CMS is predicted to lay out its mandate for nursing homes to require staff vaccinations in mid-October.
For Spiro, this could spell disaster. He projects only about 40 percent to 60 percent of his staff is fully vaccinated.
"The majority of our staff are vaccinated, but enough have refused that the mandate may be a big problem," Spiro said. "If we lose 10 percent or 15 percent of our labor force, I don't know how this industry would carry on right now."
Spiro isn't alone, as 78 percent of respondents to the AHCA/NCAL survey are concerned they will have to close down if the shortages persist or get worse due to the mandate.
According to CMS, about 64 percent of the more than 520,000 nursing home staff in the U.S. were vaccinated against COVID-19 as of Sept. 12.
That leaves more than 187,000 yet to be inoculated, including Chiquita Keen-Johnston, a nursing assistant at Beaumont Commons nursing home in Farmington Hills.
Keen-Johnston has been a nursing assistant for 32 years, including 13 years at Beaumont Commons. But she has no plans to take the COVID-19 vaccine.
Instead she has sought a medical exemption for an undisclosed condition. Employers are legally required to allow certain medical exemptions to the vaccine, but the threshold is very narrow.
Keen-Johnston falls under Beaumont Health's vaccine mandate, which was issued last month and goes into effect on Oct. 18, that ultimately will be trumped by CMS' order.
"I am not taking the vaccine," Keen-Johnston said. "I have not heard back on my medical exemption. But I will let them fire me if I don't get it."
Keen-Johnston said all the unvaccinated nursing assistants at Beaumont Commons are waiting to be terminated instead of quitting so they can draw unemployment while they seek employment elsewhere.

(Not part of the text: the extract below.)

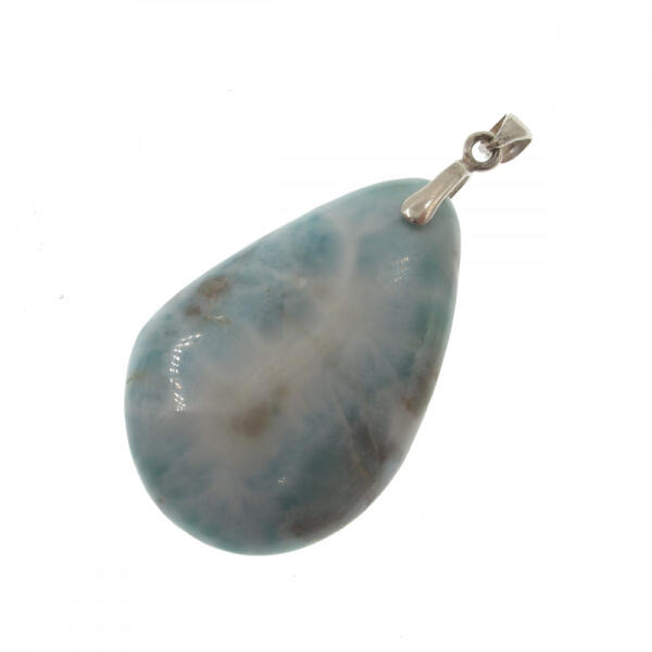 Nagyon ritka, természetes Larimar (Larimár, kék pektolit, vagy delfinkő néven is ismert) ásványból készült, csepp alakú medál. Gyönyörű ég-kék színű, felhőszerű rajzolatú drágakő ezüst medál foglalaton. Bővebb információ "ADATOK PARAMÉTEREK" fül alatt. A Larimar vélt hatása

Keen-Johnston said she plans to devote more time to her small business, Unique Touch 919, which makes personalized items such as memorial blankets.
Samuel and the ACHA have been in communication with CMS in hopes the agency will allow for a more rigorous COVID testing regimen for the unvaccinated instead of an all-out vaccine mandate. But she's not overly hopeful the mandate will be watered down.
"Until we get the pandemic under control, this is going to be a challenge in the industry," Samuel said. "Our staffing challenges feed off the pandemic. We just need to get it under control."
Spiro said the nursing home continues to apply the pressure via information, but only only so many people are willing to take the vaccine.
"We have digital billboards in our buildings and post information everywhere we can," Spiro said. "We're walking around now telling people the mandate is coming, but we're running out of time. We tell them to look around the building. It's safe. We haven't seen one adverse reaction."
Robinson-Lane said most nursing home staff will ultimately align with hospital workers who opposed the mandate but ultimately most got inoculated.
For instance, Houston Methodist mandated the vaccine in June for its roughly 26,000 employees, and only 153 quit or were terminated at the deadline.
"Nursing assistants and staff will complain, but when the mandate comes down, they mostly comply because they need the work," Robinson-Lane said. "With the mandate being industrywide, there's not as many places to go. People just won't have the flexibility they do right now."